--- Data segment Enclosed Below ---
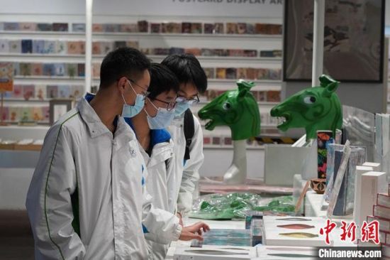 1月14日,甘肅省博物館文創(chuàng)中心的銅奔馬頭套吸引參觀者駐足觀看。連日來(lái),甘肅省博物館文創(chuàng)中心推出的以銅奔馬為主題的文創(chuàng)產(chǎn)品,如“神馬來(lái)了”銅奔馬頭套,“綠馬”出行口罩等產(chǎn)品備受歡迎。
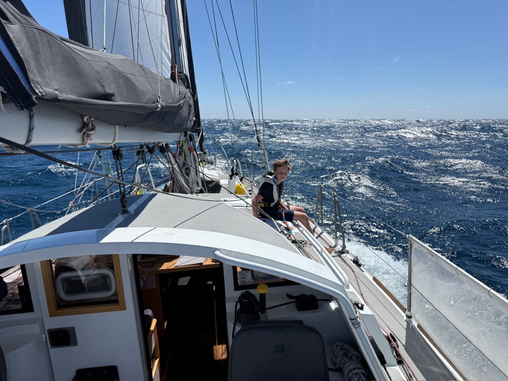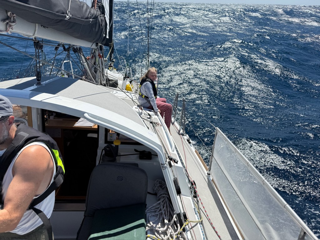 That day grew into a great day of sailing; partly sunny skies, a solid 25 knots from the north west, and gentle following seas. Flyer really hits her stride when the breeze is over 20 and aft of the beam. Just over 24 hours in and it felt like we had already seen quite the variety of conditions.
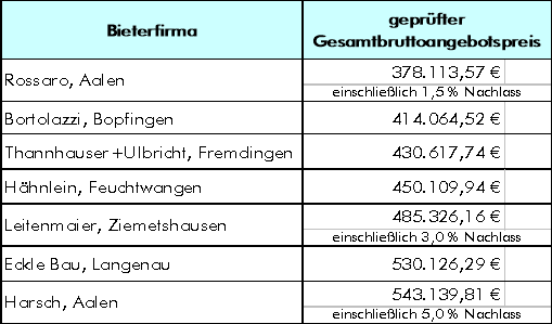 Die Firmen Bortolazzi Bopfingen und Leitenmaier, Ziemetshausen haben Nebenangebote eingereicht. Die Angebotsendsummen der Nebenangebote liegen jedoch weiterhin über der Angebotssumme der Firma Rossaro.
--- End of Enclosed Data segment ---
#### [Goal of the exercise]
Top to bottom, retype the listing exactly but drop every picture.

#### [Response below]
 1月14日,甘肅省博物館文創(chuàng)中心的銅奔馬頭套吸引參觀者駐足觀看。連日來(lái),甘肅省博物館文創(chuàng)中心推出的以銅奔馬為主題的文創(chuàng)產(chǎn)品,如“神馬來(lái)了”銅奔馬頭套,“綠馬”出行口罩等產(chǎn)品備受歡迎。
 That day grew into a great day of sailing; partly sunny skies, a solid 25 knots from the north west, and gentle following seas. Flyer really hits her stride when the breeze is over 20 and aft of the beam. Just over 24 hours in and it felt like we had already seen quite the variety of conditions.
 Die Firmen Bortolazzi Bopfingen und Leitenmaier, Ziemetshausen haben Nebenangebote eingereicht. Die Angebotsendsummen der Nebenangebote liegen jedoch weiterhin über der Angebotssumme der Firma Rossaro.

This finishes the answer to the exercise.